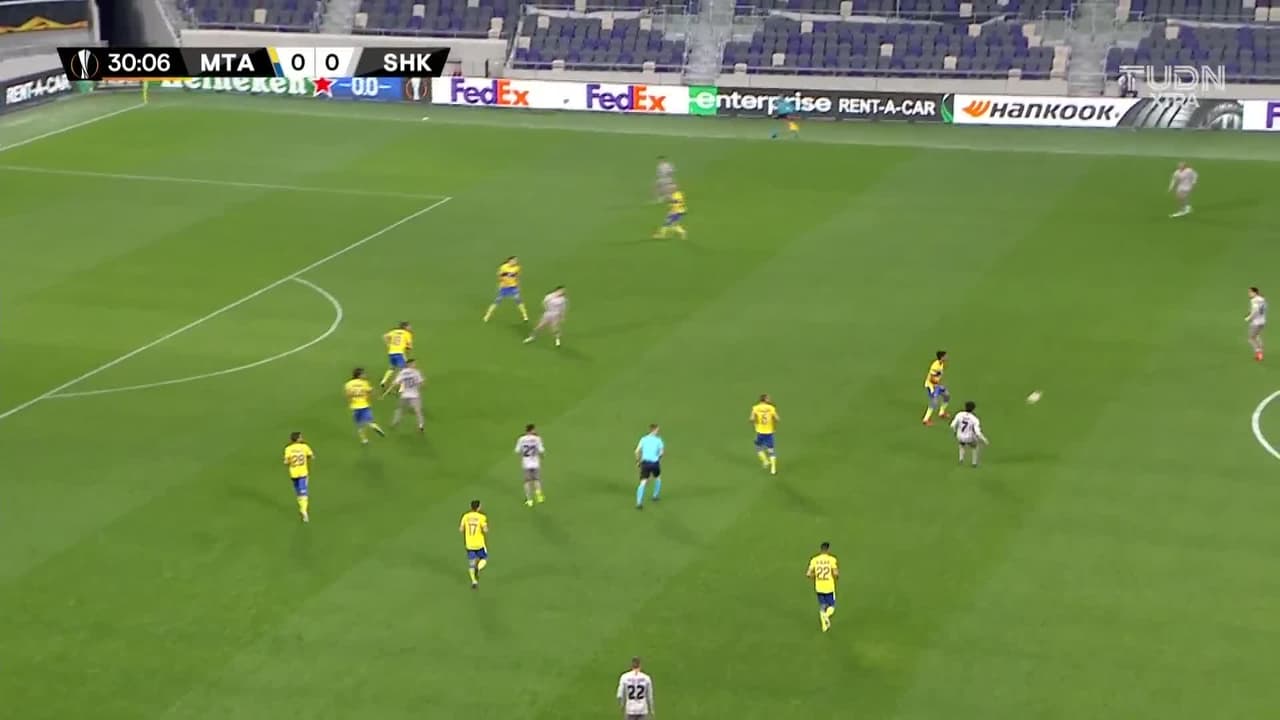 ¡Gol! Maccabi Tel Aviv 0| Shakhtar Donetsk 1. Alan Patrick (Shakhtar Donetsk) Disparo con la derecha desde el centro del área.
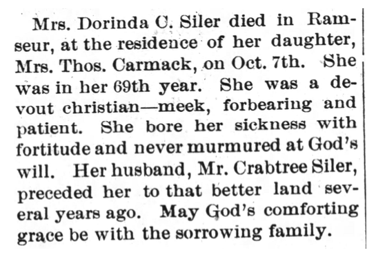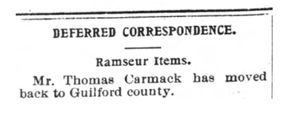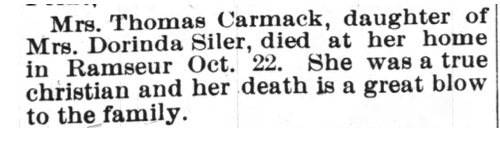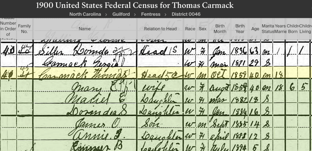 The 1900 census listed the Thomas Carmack family in the Fentress Township of Guilford County. It also noted children born (6,) and children living (5). Dorinda Cox Siler’s household was listed just above Thomas Carmac. That’s Thomas’ mother-in-law.
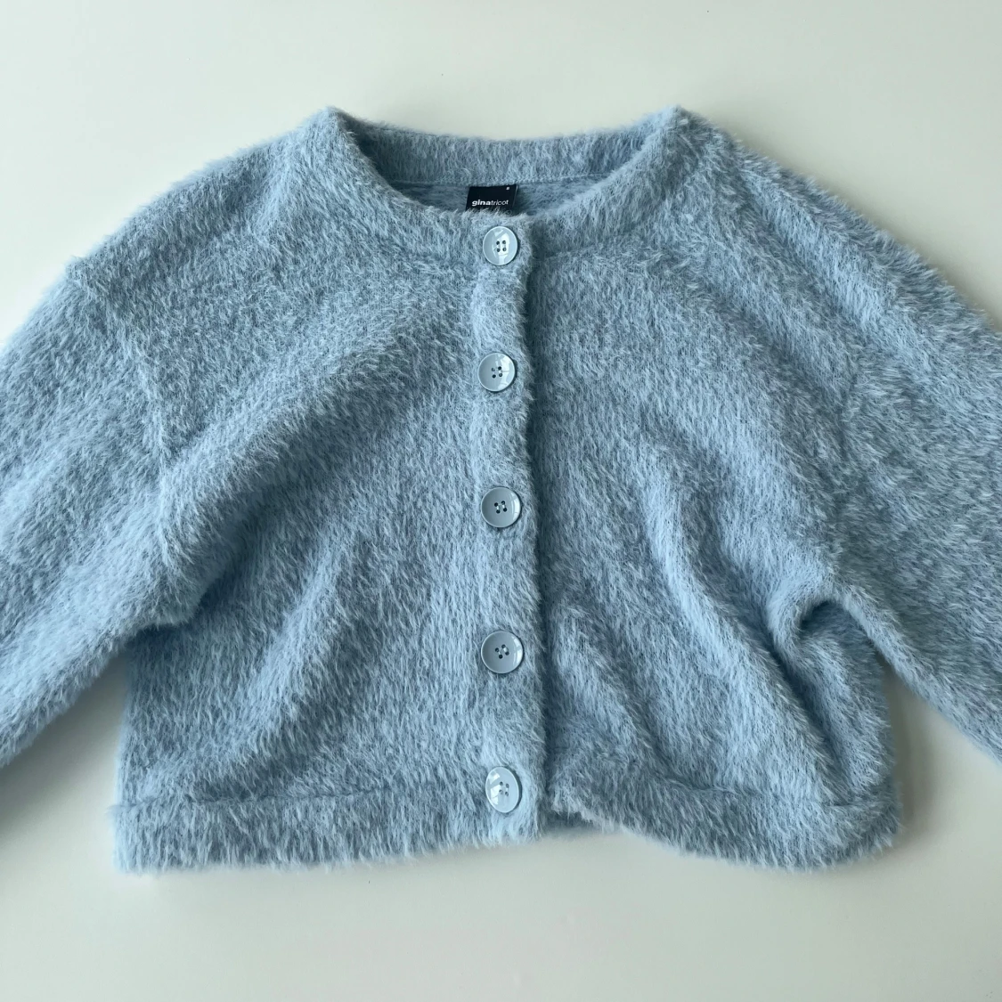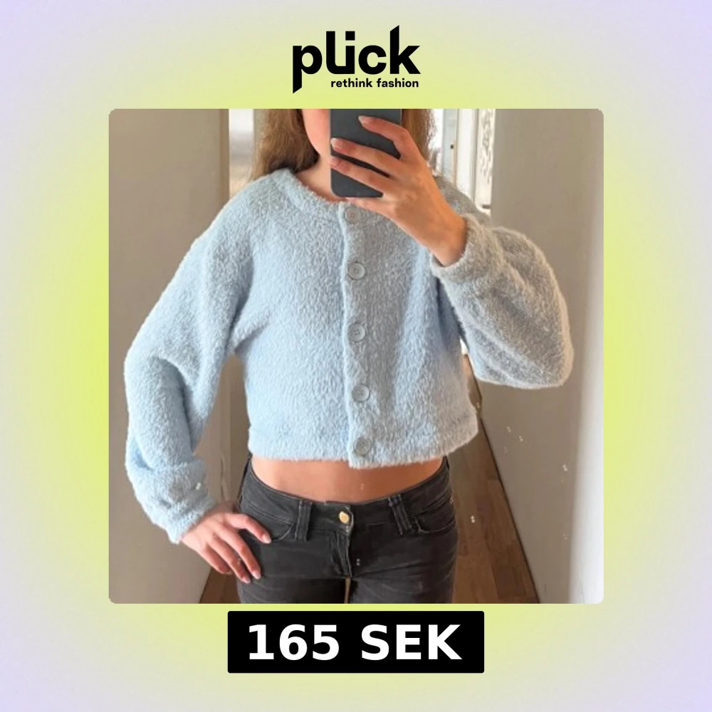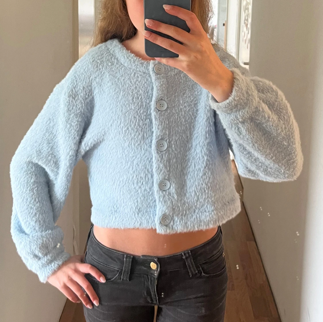 Supermjuk, lite croppad ljusblå kofta från Gina Tricot. Koftan är i ett ”fluffigt” material och är väldigt skön. Den är i storlek S och är i väldigt bra skick.
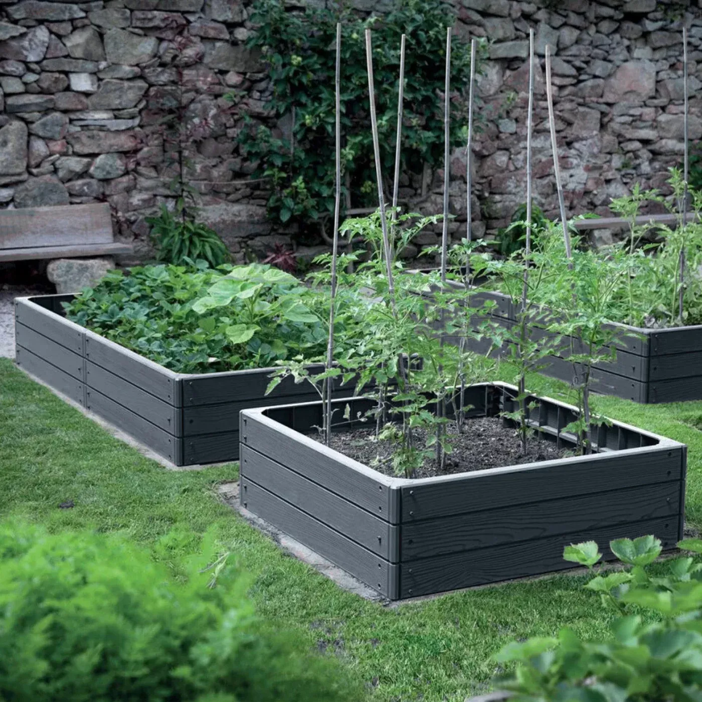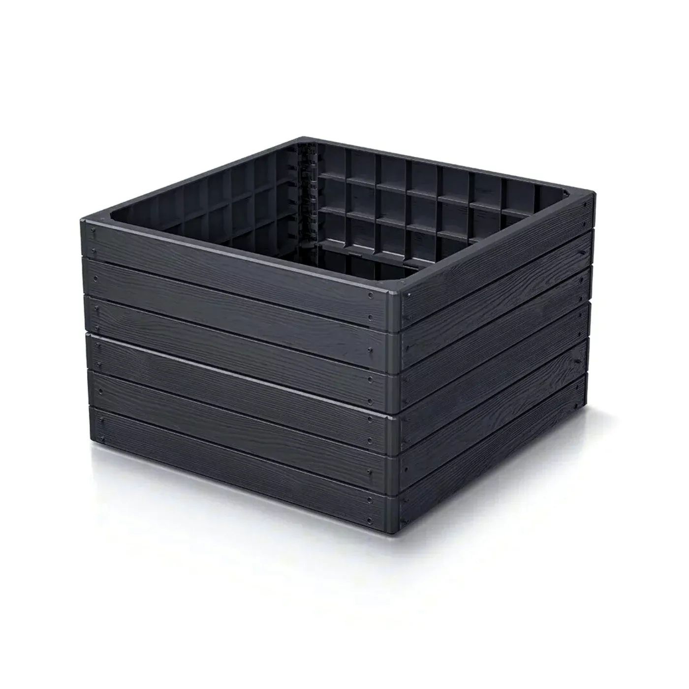 Černý vyvýšený stohovatelný záhon je elegantní a ekologické řešení pro pěstování zeleniny, bylinek či květin. Vyrobený z recyklovaného kompozitního materiálu, který imituje dřevo, nabízí odolnost vůči povětrnostním vlivům bez nutnosti údržby. Ideální pro zahrady, terasy i balkony.
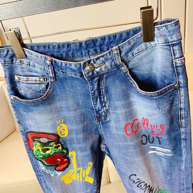 Moschino Jeans, top-quality imported original jeans, crafted with original techniques, featuring heavy-duty embroidered labels and original hardware. Made with custom-made denim fabric, perfectly matching the original retail version. We welcome you to try them on at a boutique before purchasing. Quality products stand up to comparison. Sizes: 28-36 DDD
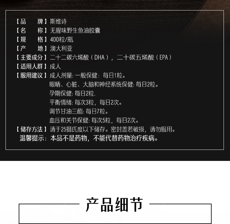 选用南太平洋接近南极地区的深海小鱼,纯净无污染,无腥味设计,可以免受腥味的刺激,还添加了薄荷油及天然香草,清新好味道,无人工香料、人工添加剂、化学物质,健康新鲜。深海鱼油含有Omega-3、EPA、DHA等有益成分,有助于降三高和软化血管的作用,有助于健脑益智,提高免疫力,适合所有人群。
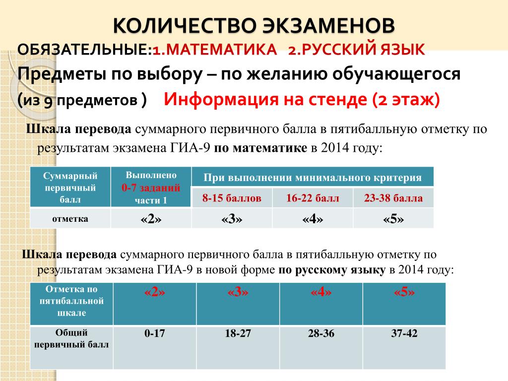 ГИА в форме ОГЭ (основной государственный экзамен) проводится для девятиклассников по двум обязательным предметам (русский язык и математика) и двум предметам по выбору: физике, химии, информатике и информационно-коммуникационным технологиям (ИКТ), биологии, истории, географии, английскому языку, немецкому языку, французскому языку, испанскому языку, литературе, обществознанию. Результаты ОГЭ оцениваются по пятибалльной шкале. Успешное прохождение ОГЭ дает право на получение аттестата об основном общем образовании и продолжение обучения в школе или организации среднего профессионального образования.

++++++

# Directions
Line by line, reproduce the material above exactly, leaving each picture out.

# Task solution
 ¡Gol! Maccabi Tel Aviv 0| Shakhtar Donetsk 1. Alan Patrick (Shakhtar Donetsk) Disparo con la derecha desde el centro del área.
 The 1900 census listed the Thomas Carmack family in the Fentress Township of Guilford County. It also noted children born (6,) and children living (5). Dorinda Cox Siler’s household was listed just above Thomas Carmac. That’s Thomas’ mother-in-law.
 Supermjuk, lite croppad ljusblå kofta från Gina Tricot. Koftan är i ett ”fluffigt” material och är väldigt skön. Den är i storlek S och är i väldigt bra skick.
 Černý vyvýšený stohovatelný záhon je elegantní a ekologické řešení pro pěstování zeleniny, bylinek či květin. Vyrobený z recyklovaného kompozitního materiálu, který imituje dřevo, nabízí odolnost vůči povětrnostním vlivům bez nutnosti údržby. Ideální pro zahrady, terasy i balkony.
 Moschino Jeans, top-quality imported original jeans, crafted with original techniques, featuring heavy-duty embroidered labels and original hardware. Made with custom-made denim fabric, perfectly matching the original retail version. We welcome you to try them on at a boutique before purchasing. Quality products stand up to comparison. Sizes: 28-36 DDD
 选用南太平洋接近南极地区的深海小鱼,纯净无污染,无腥味设计,可以免受腥味的刺激,还添加了薄荷油及天然香草,清新好味道,无人工香料、人工添加剂、化学物质,健康新鲜。深海鱼油含有Omega-3、EPA、DHA等有益成分,有助于降三高和软化血管的作用,有助于健脑益智,提高免疫力,适合所有人群。
 ГИА в форме ОГЭ (основной государственный экзамен) проводится для девятиклассников по двум обязательным предметам (русский язык и математика) и двум предметам по выбору: физике, химии, информатике и информационно-коммуникационным технологиям (ИКТ), биологии, истории, географии, английскому языку, немецкому языку, французскому языку, испанскому языку, литературе, обществознанию. Результаты ОГЭ оцениваются по пятибалльной шкале. Успешное прохождение ОГЭ дает право на получение аттестата об основном общем образовании и продолжение обучения в школе или организации среднего профессионального образования.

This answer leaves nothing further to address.